Exercise - Transcribe exactly, leaving out pictures, the lines from the one that holds "Specify your competitors'" through the end of the data below, including both end lines and no others.

Collected material -
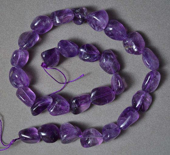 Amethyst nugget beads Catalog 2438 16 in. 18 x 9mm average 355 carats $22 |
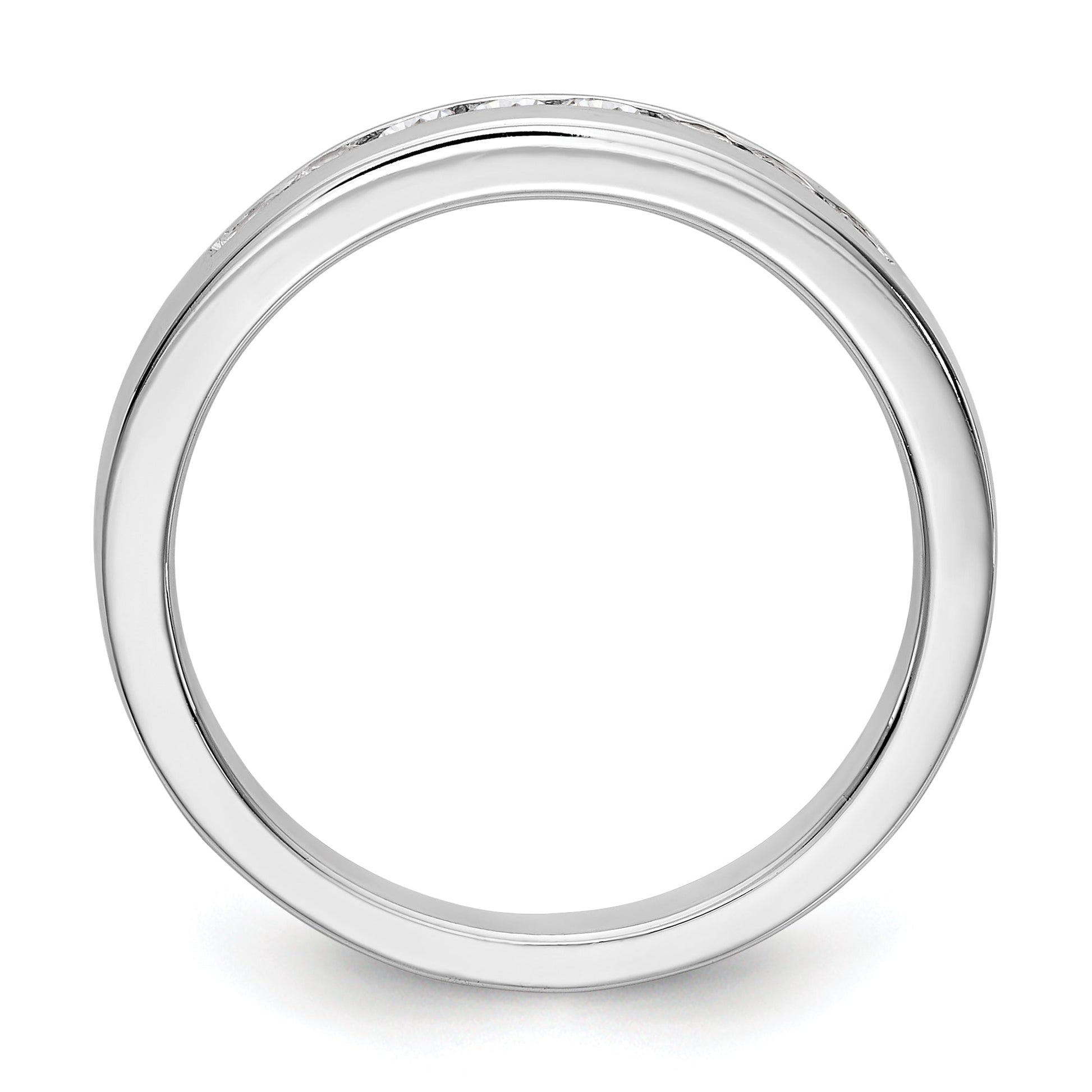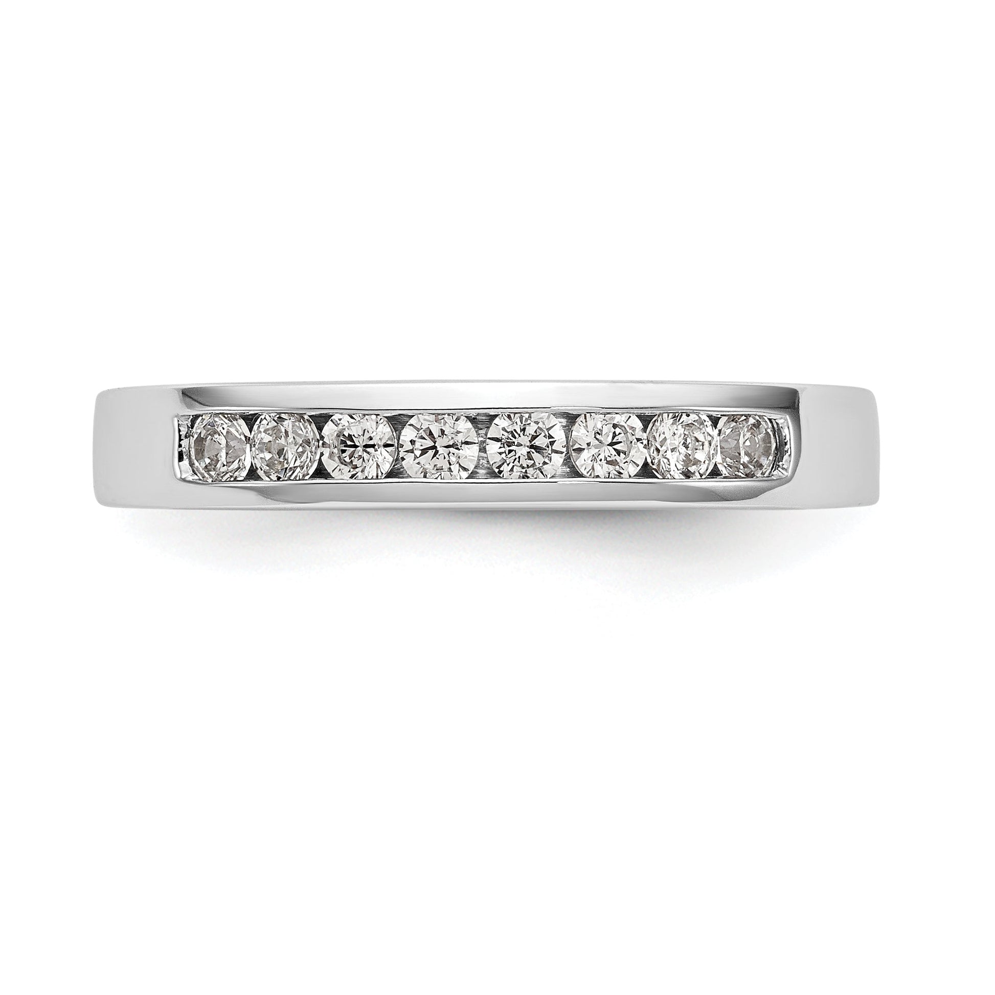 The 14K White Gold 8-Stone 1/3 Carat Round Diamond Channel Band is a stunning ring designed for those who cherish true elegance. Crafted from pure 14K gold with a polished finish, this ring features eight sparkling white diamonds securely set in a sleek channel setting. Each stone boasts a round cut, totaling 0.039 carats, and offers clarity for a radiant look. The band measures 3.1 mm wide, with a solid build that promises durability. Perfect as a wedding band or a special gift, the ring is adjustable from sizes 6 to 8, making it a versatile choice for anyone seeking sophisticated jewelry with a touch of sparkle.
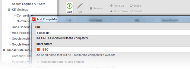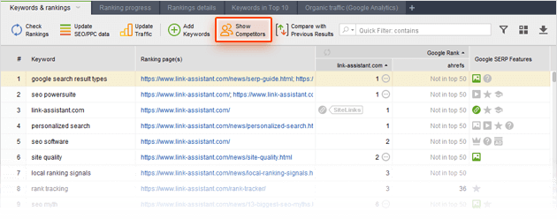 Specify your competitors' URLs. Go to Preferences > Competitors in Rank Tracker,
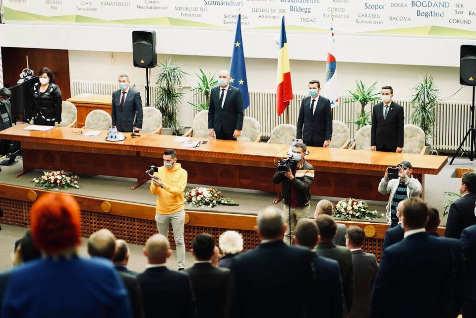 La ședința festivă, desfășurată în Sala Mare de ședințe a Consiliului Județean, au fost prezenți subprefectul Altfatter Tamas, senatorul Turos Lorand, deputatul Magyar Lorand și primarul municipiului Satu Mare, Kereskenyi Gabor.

Written solution -
 Specify your competitors' URLs. Go to Preferences > Competitors in Rank Tracker,
 La ședința festivă, desfășurată în Sala Mare de ședințe a Consiliului Județean, au fost prezenți subprefectul Altfatter Tamas, senatorul Turos Lorand, deputatul Magyar Lorand și primarul municipiului Satu Mare, Kereskenyi Gabor.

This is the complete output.